# Exercise prompt
Once "Feluś i Gucio" turns up in a line below, reproduce that line and those after it exactly, stopping after the line with "If your phone"; leave pictures out.

# Extracted material
• • •

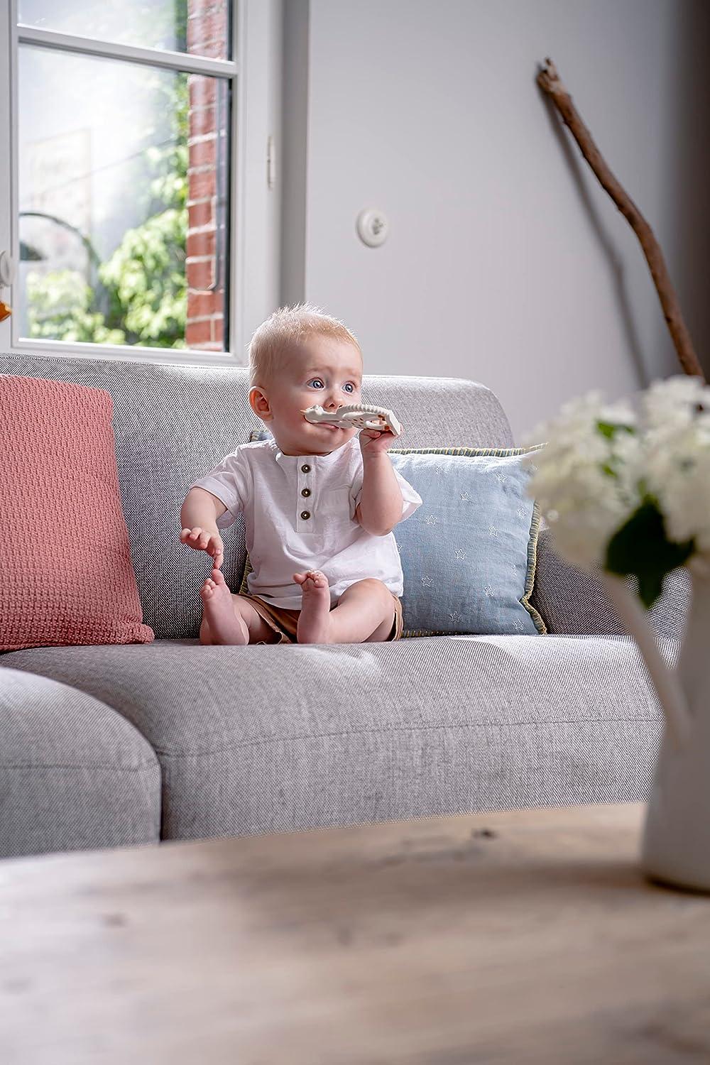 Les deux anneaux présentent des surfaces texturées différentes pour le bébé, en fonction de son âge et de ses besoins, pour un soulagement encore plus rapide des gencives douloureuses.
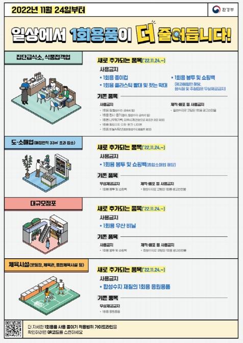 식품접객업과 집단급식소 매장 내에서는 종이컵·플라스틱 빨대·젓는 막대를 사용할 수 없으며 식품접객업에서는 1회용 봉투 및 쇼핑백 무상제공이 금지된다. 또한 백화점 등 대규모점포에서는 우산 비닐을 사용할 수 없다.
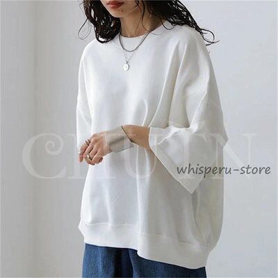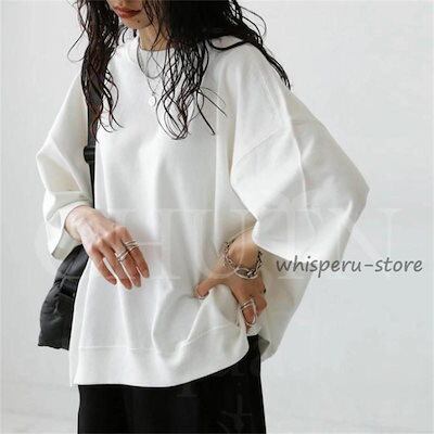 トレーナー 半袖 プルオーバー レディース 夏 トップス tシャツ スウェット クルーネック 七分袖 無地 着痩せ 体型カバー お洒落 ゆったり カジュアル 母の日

• • •

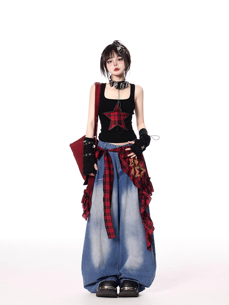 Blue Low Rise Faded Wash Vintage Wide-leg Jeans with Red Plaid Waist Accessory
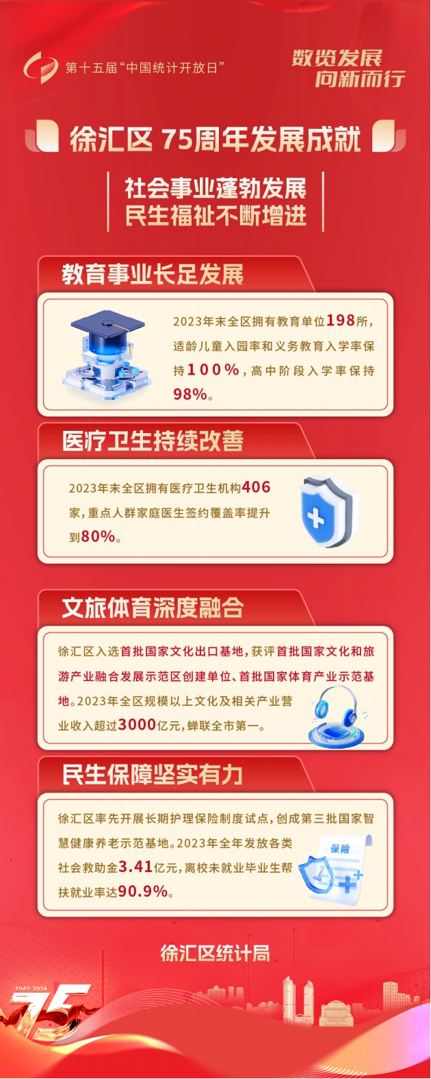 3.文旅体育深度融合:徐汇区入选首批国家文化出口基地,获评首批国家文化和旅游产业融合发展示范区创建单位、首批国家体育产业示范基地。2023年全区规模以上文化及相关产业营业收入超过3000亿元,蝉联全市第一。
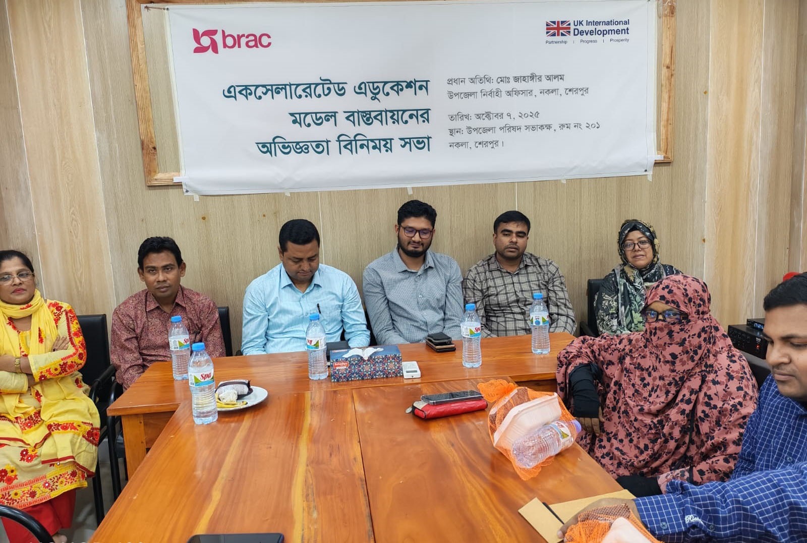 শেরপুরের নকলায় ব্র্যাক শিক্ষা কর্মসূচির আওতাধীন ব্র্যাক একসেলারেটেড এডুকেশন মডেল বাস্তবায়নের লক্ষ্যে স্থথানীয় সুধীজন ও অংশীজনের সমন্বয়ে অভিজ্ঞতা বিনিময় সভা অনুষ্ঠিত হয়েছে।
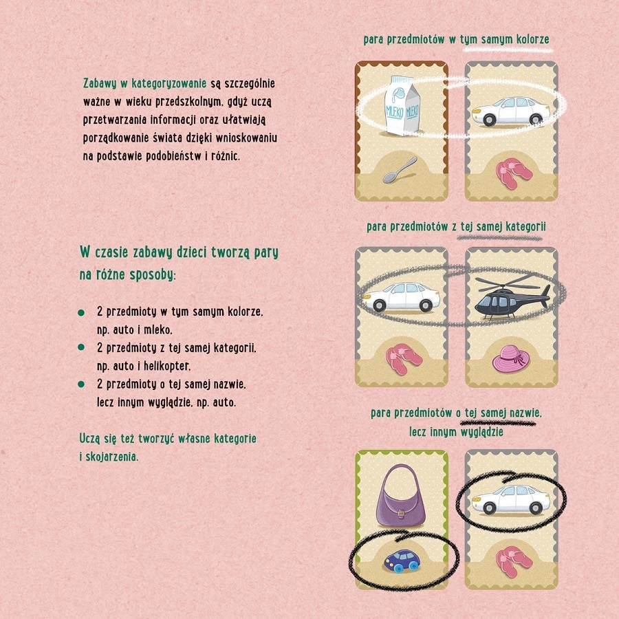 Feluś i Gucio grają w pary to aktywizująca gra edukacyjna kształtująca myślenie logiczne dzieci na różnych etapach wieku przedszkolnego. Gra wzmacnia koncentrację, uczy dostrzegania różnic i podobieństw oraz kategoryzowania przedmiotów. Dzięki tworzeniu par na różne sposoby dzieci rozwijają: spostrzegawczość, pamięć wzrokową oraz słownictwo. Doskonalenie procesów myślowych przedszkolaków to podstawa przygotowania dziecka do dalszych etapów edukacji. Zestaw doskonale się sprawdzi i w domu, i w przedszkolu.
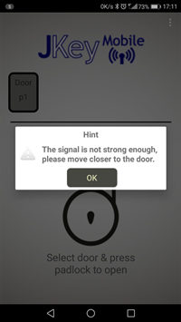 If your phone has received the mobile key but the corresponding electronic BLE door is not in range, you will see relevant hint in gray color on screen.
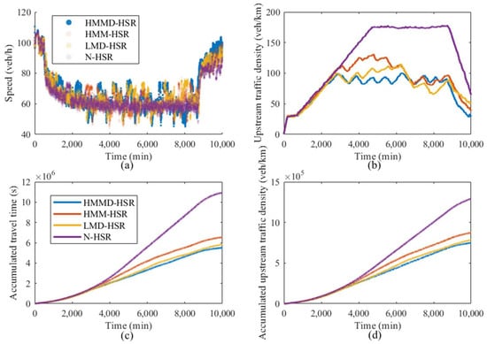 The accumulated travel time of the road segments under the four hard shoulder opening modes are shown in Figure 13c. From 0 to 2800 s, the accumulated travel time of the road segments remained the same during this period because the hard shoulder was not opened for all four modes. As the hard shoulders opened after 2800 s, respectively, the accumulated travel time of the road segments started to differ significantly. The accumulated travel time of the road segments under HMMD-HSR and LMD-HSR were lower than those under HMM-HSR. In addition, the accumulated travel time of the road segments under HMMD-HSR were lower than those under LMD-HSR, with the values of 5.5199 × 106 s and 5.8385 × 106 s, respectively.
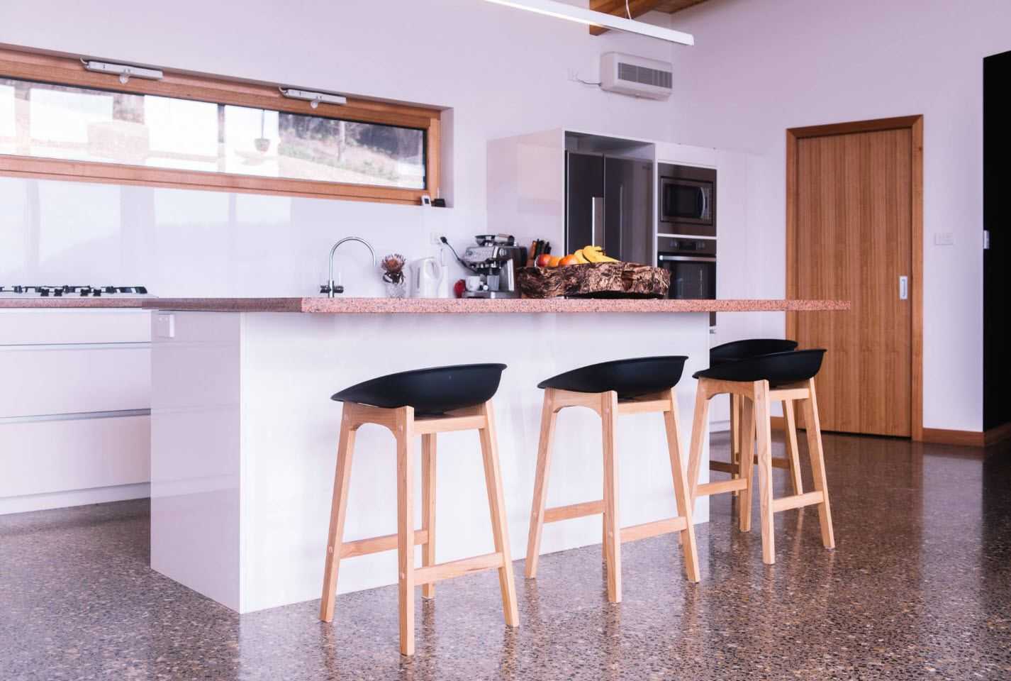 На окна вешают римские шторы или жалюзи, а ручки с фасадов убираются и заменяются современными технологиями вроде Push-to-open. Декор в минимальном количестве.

• • •

# Answer for the task
 Feluś i Gucio grają w pary to aktywizująca gra edukacyjna kształtująca myślenie logiczne dzieci na różnych etapach wieku przedszkolnego. Gra wzmacnia koncentrację, uczy dostrzegania różnic i podobieństw oraz kategoryzowania przedmiotów. Dzięki tworzeniu par na różne sposoby dzieci rozwijają: spostrzegawczość, pamięć wzrokową oraz słownictwo. Doskonalenie procesów myślowych przedszkolaków to podstawa przygotowania dziecka do dalszych etapów edukacji. Zestaw doskonale się sprawdzi i w domu, i w przedszkolu.
 If your phone has received the mobile key but the corresponding electronic BLE door is not in range, you will see relevant hint in gray color on screen.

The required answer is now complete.